Após àquele período embrionário, cujos estigmas primitivos foram os folhetins e suplementos de literatura, a integração da práxis jornalística com os preceitos literários ganhou impulso no decorrer do século passado. O professor Felipe Pena, da Universidade Federal Fluminense (UFF), também doutor em Literatura, num artigo elucidativo acerca da conceituação do jornalismo literário, delineia sete peculiaridades básicas que lhe permitem uma larga e precisa compreensão. Como esclarece o docente, o referido universo é rotulado como uma "estrela de sete pontas", num sentido figurativo.

"Estrela de sete pontas" refere-se exatamente ao conjunto de sete elementos imprescindíveis para singularizar uma modalidade tão heterogênea, que não se restringe só às redações ou à influência narrativa de um livro-reportagem. Em concomitância com essa premissa, Pena enumerou sete características, que reproduzo neste artigo: potencializar os recursos do jornalismo, ultrapassar os limites dos acontecimentos cotidianos, proporcionar visões amplas da realidade, exercitar plenamente a cidadania, romper com as correntes do lide, evitar os definidores primários e garantir perenidade e profundidade aos relatos.

Potencializar, impulsionar e dinamizar os recursos do jornalismo, a "ponta" pioneira, significa, para os jornalistas literários, não ignorar o que eles já aprenderam no jornalismo diário. Representa, portanto, o desenvolvimento contínuo de técnicas e artifícios narrativos, formulando novas estratégias profissionais, sintonizadas com as primorosas e antigas qualidades redacionais, podendo ser mencionadas, por exemplo, o rigor na apuração dos textos, a observação atenta, a abordagem ética e a capacidade de se expressar com absoluta clareza.

A segunda "ponta" ou peculiaridade secundária consiste em ultrapassar as barreiras dos acontecimentos cotidianos. Quer dizer que o jornalista rompe definitivamente com a periodicidade e a atualidade, duas marcas clássicas do jornalismo contemporâneo; o profissional não está mais restrito ao pomposo deadline, o prazo de entrega das reportagens às redações, ou à vontade do leitor em compreender os fatos que aconteceram num arbitrário espaço temporal.

Nos dirigimos, então, à terceira característica do jornalismo literário: proporcionar uma visão ampla da realidade, contextualizando a informação da forma mais abrangente possível. Para alcançar tal visão, é preciso dissecar as informações, relacioná-las com outros fatos e outras perspectivas e situá-las num certo período. O pleno exercício da cidadania, quarta "ponta" da "estrela", é um aspecto indelével para o jornalista, visando, de acordo com Felipe Pena, conferir-lhe o seu autêntico, soberano e majestoso compromisso com a sociedade e, em consequência, contribuir para a formação do cidadão.
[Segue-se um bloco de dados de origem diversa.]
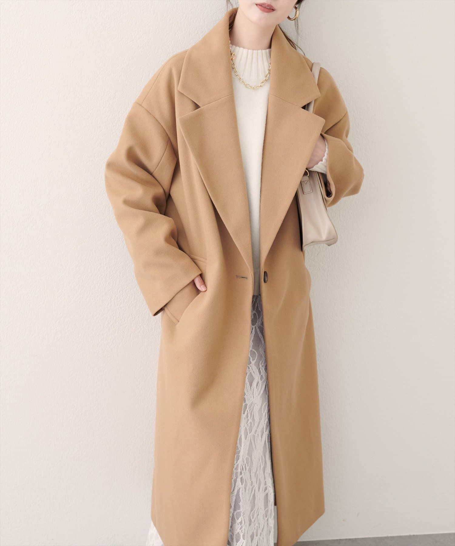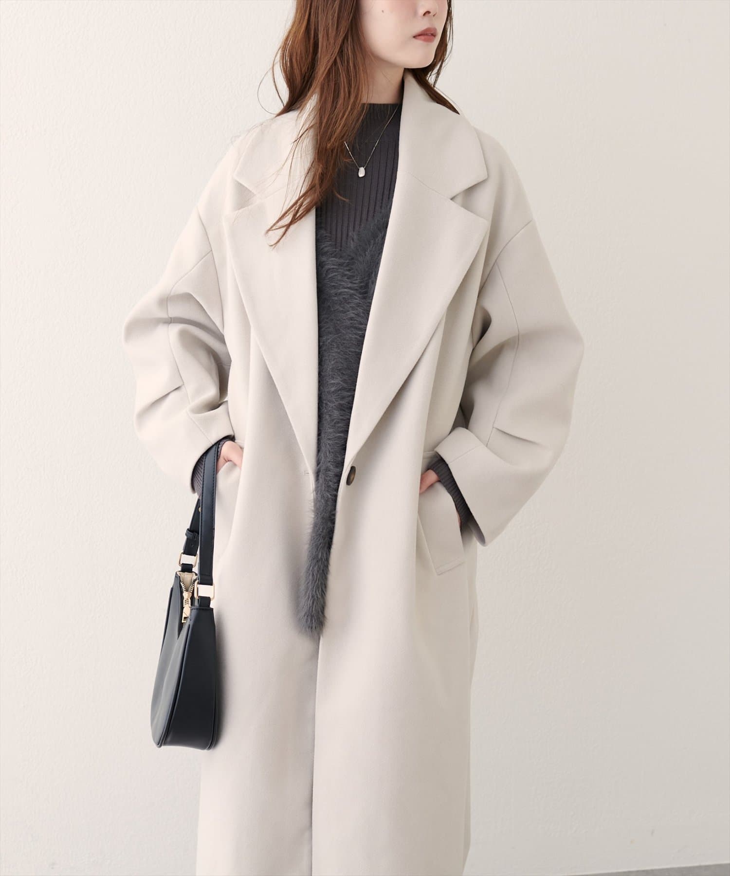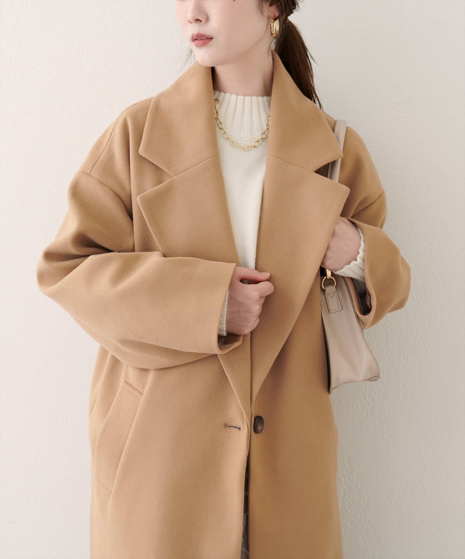 大きめの襟は顔周りをすっきりと見せ、小顔効果も期待できます。

Em quinto lugar, recomenda-se quebrar as correntes burocráticas do lide (do inglês lead), fórmula narrativa idealizada por jornalistas estadunidenses no início do século XX, a fim de tornar a imprensa objetiva, equivalente às respostas, incluídas no primeiro parágrafo de uma matéria, e embasadas nas seis interrogações básicas, a saber: "O quê?" (corresponde ao fato), "Quando?" (tempo), "Onde?" (espaço), "Quem?" (personagem envolvido), "Como?" (modo) e "Por quê?" (causa). A despeito de a subjetividade não ter diminuído, o lide tornou o jornalismo mais ágil, mais objetivo e menos prolixo. Fugir do lide, logo, se traduz em aplicar estratégias literárias de construção narrativa, com criatividade, estilo e elegância.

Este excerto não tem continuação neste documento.